= Good tissue practice =

Good manufacturing practice enforced by US government

Good tissue practice (GTP) is one of the "GxP" requirements derived from good manufacturing practice. The rule was written and is enforced by the U.S. Food and Drug Administration (FDA), specifically the Center for Biologics Evaluation and Research. The authority for the regulation comes from the Public Health Service Act and all of the requirements relate to transmission of communicable disease, including bacterial or fungal contamination during processing.

It is generally used to mean the requirements of section 1271 of chapter 21 of the US Code of Federal Regulations, though the rule itself specifies that the GTP is only subpart D of that section.

The rules cover a broad variety of articles referred to as "HCT/Ps" for human cellular, tissue, and tissue-based products and the regulations cover more or less any cellular entity taken from a human and transplanted into another human.

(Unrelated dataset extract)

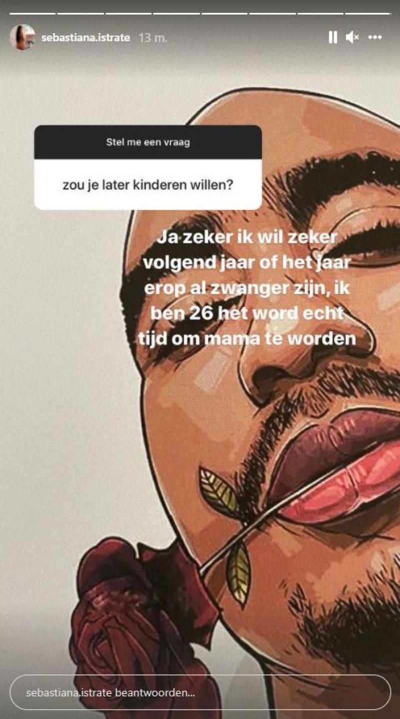 Wel weten we dat de 26-jarige brunette uit Aartselaar een vurige kinderwens heeft die ze zo snel mogelijk in vervulling ziet gaan. Iemand vroeg haar op Instagram immers of ze kinderen wil. «Ja zeker! Ik wil zeker volgend jaar of het jaar erna al zwanger zijn. Ik ben 26, het wordt echt tijd om mama te worden», antwoordde ze daarop.

There are several exceptions in the rules for organ transplants, blood for transfusion, and other articles which already have established requirements.

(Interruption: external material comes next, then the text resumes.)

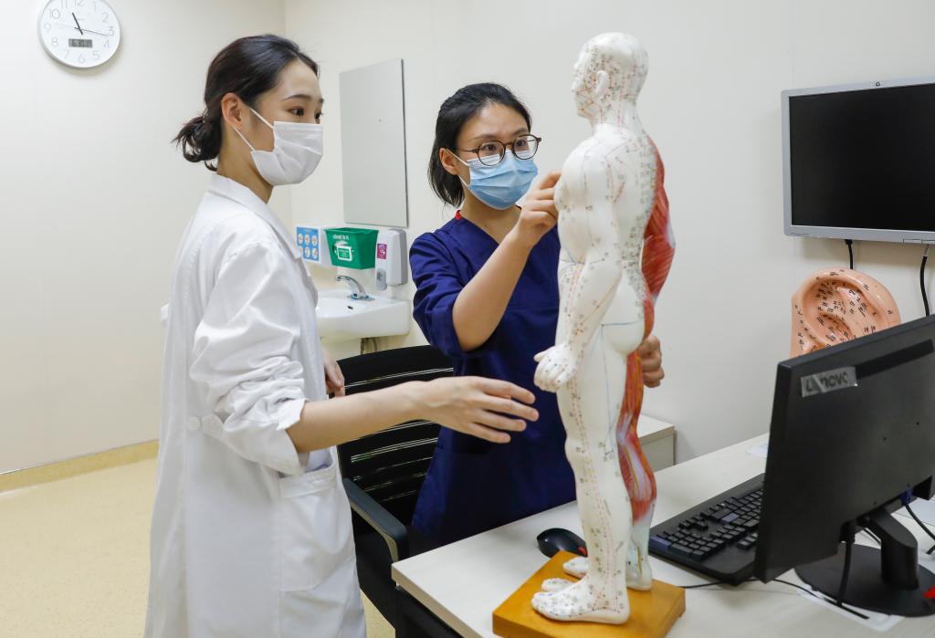 醫護人員在查看針灸經絡穴位人體模型(資料圖/新華社)

The rules are an expansion and revision of the section 1270 of the same chapter and now cover a larger group of products. The most controversial products covered in these rules include stem cells and tissue used in reproductive medicine (assisted reproductive technology): sperm, oocytes, and embryos.

These rules only cover tissue which has not been significantly modified. Any major changes will make the product into either a drug or a medical device, though some of the rules in this section still apply to human-sourced drugs and medical devices.

The rules only affect products collected after May 25, 2005.

== FDA Draft Guidance January 2009 ==

In January 2009, FDA issued a new cGTP draft guidance for industry entitled "Current Good Tissue Practice (CGTP) and Additional Requirements for Manufacturers of Human Cells, Tissues and Cellular and Tissue-Based Products (HCT/Ps)".